[Given entries]

BEGIN

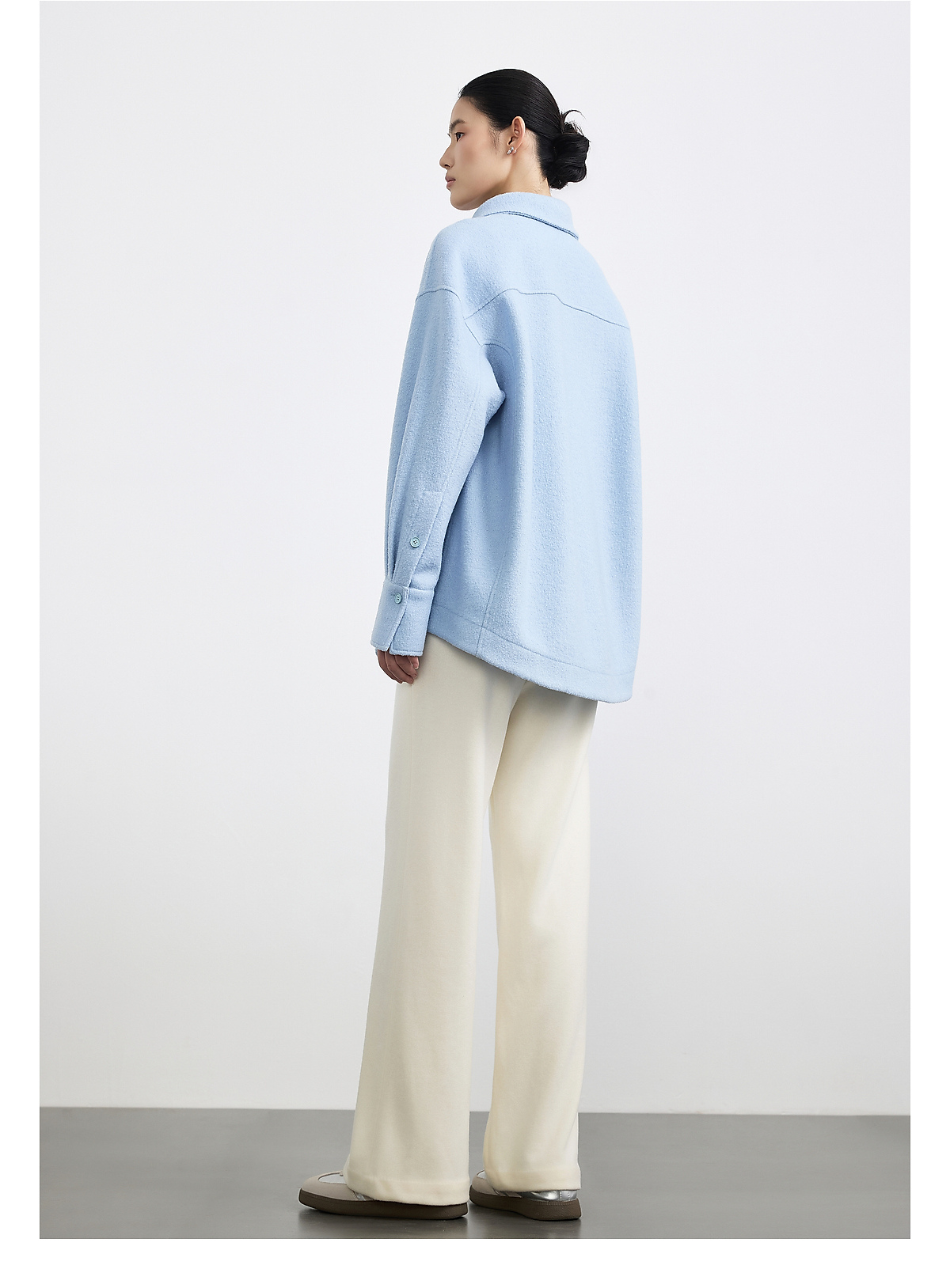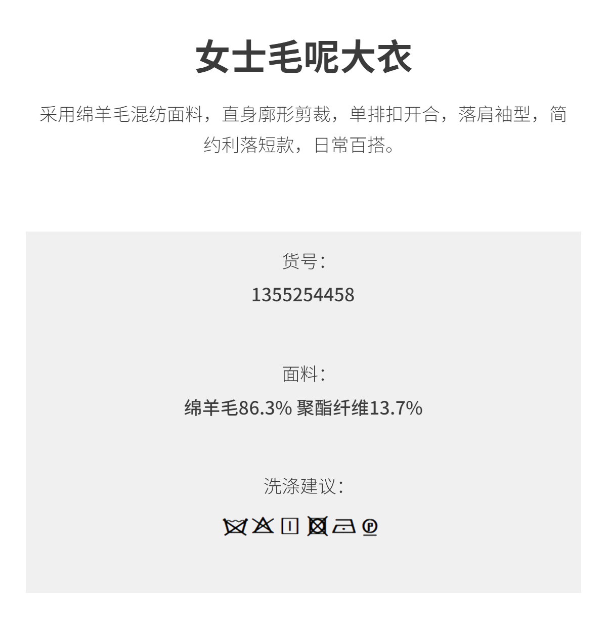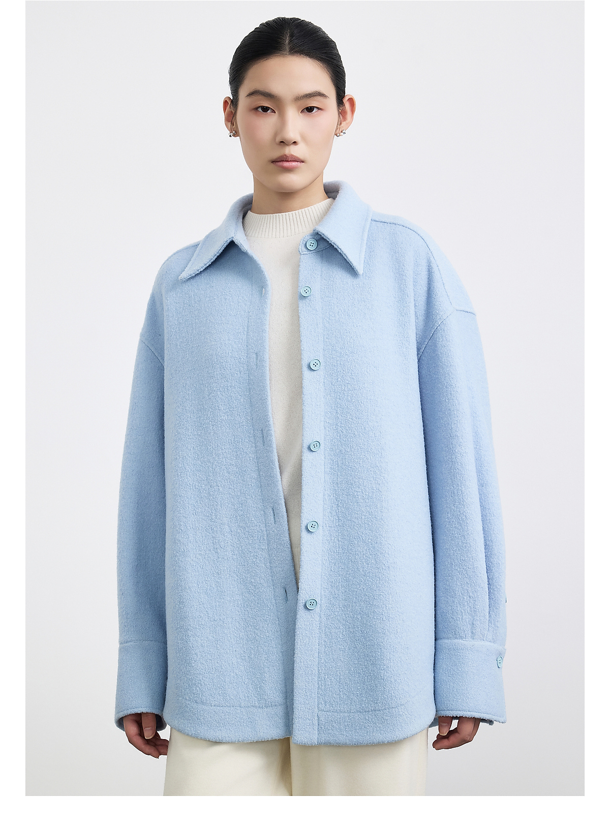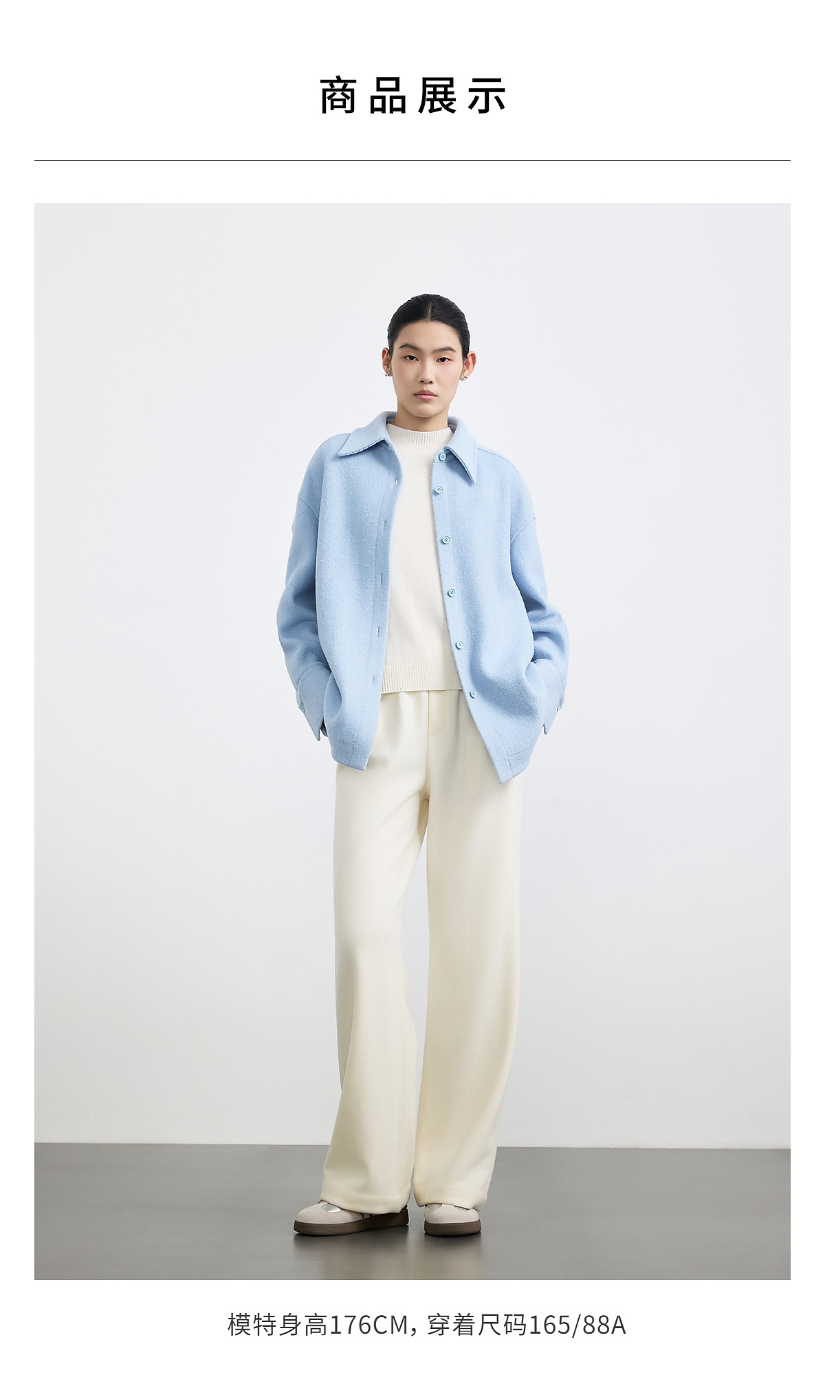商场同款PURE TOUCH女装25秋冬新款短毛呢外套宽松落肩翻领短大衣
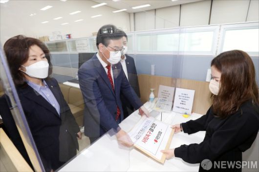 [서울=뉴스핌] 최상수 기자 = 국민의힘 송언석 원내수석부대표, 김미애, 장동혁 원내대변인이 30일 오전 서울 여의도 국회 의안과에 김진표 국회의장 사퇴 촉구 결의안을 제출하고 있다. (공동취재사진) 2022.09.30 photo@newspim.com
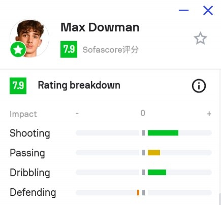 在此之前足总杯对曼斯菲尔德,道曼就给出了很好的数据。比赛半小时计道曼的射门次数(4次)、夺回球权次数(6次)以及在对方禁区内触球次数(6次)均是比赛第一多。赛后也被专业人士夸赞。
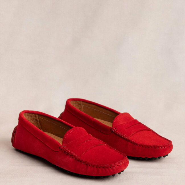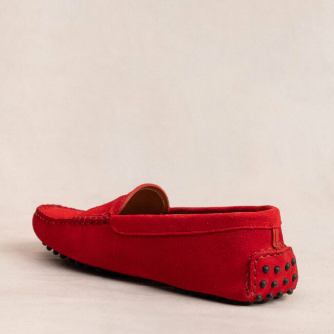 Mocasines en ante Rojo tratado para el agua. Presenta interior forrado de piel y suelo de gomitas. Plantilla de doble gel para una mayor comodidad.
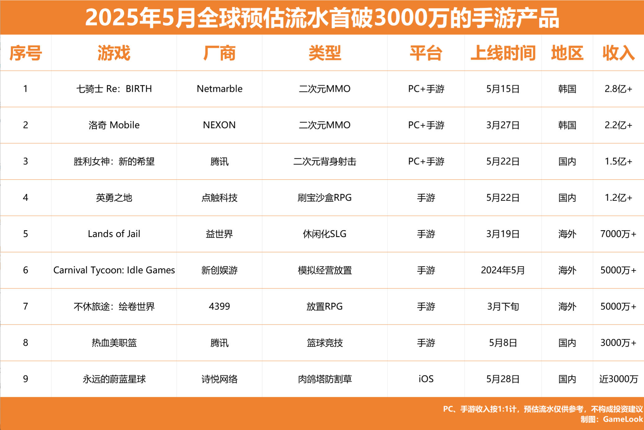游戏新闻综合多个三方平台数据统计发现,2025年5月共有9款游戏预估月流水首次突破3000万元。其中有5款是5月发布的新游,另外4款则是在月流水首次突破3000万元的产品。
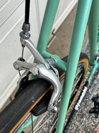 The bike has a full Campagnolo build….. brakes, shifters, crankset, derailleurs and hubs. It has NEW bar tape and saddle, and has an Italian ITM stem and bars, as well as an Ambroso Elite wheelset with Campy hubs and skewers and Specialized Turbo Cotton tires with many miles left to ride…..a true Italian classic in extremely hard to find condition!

END
BEGIN

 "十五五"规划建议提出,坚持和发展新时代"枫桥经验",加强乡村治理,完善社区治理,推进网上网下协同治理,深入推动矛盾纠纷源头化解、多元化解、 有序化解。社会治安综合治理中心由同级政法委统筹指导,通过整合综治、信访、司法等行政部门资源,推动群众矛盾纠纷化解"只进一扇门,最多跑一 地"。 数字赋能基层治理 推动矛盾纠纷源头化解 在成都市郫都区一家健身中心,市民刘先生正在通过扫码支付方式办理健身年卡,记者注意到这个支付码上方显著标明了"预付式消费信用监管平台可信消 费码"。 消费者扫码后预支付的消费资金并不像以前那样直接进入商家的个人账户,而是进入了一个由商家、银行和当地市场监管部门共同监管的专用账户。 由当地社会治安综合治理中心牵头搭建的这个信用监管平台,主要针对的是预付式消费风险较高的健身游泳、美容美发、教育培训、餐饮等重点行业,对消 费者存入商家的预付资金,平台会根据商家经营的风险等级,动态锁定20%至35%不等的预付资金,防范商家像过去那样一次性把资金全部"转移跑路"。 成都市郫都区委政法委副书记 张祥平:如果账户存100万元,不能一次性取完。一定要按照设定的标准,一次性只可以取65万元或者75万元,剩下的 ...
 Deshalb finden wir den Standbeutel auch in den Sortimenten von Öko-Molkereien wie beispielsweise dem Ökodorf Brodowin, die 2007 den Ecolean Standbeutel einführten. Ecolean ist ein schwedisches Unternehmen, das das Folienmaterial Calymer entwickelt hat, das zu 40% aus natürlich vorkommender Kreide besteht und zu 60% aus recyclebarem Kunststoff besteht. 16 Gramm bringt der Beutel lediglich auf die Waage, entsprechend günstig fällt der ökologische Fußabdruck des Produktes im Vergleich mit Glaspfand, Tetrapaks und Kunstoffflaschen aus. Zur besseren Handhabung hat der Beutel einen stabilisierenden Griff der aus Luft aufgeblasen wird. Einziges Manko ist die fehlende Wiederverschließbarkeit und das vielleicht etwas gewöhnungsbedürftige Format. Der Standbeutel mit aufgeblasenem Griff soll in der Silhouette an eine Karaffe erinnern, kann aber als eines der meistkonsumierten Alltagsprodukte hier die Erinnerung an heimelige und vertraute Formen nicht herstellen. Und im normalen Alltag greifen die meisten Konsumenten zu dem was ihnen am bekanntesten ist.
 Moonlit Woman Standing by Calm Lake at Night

END

[Task statement] Look back at the data above, then output exactly the lines from the line holding "商场同款PURE TOUCH女装25秋冬新款短毛呢外套宽松落肩翻领短大衣" up to and including the line holding "The bike has". Leave out the pictures.

[Task response]
商场同款PURE TOUCH女装25秋冬新款短毛呢外套宽松落肩翻领短大衣
 [서울=뉴스핌] 최상수 기자 = 국민의힘 송언석 원내수석부대표, 김미애, 장동혁 원내대변인이 30일 오전 서울 여의도 국회 의안과에 김진표 국회의장 사퇴 촉구 결의안을 제출하고 있다. (공동취재사진) 2022.09.30 photo@newspim.com
 在此之前足总杯对曼斯菲尔德,道曼就给出了很好的数据。比赛半小时计道曼的射门次数(4次)、夺回球权次数(6次)以及在对方禁区内触球次数(6次)均是比赛第一多。赛后也被专业人士夸赞。
 Mocasines en ante Rojo tratado para el agua. Presenta interior forrado de piel y suelo de gomitas. Plantilla de doble gel para una mayor comodidad.
游戏新闻综合多个三方平台数据统计发现,2025年5月共有9款游戏预估月流水首次突破3000万元。其中有5款是5月发布的新游,另外4款则是在月流水首次突破3000万元的产品。
 The bike has a full Campagnolo build….. brakes, shifters, crankset, derailleurs and hubs. It has NEW bar tape and saddle, and has an Italian ITM stem and bars, as well as an Ambroso Elite wheelset with Campy hubs and skewers and Specialized Turbo Cotton tires with many miles left to ride…..a true Italian classic in extremely hard to find condition!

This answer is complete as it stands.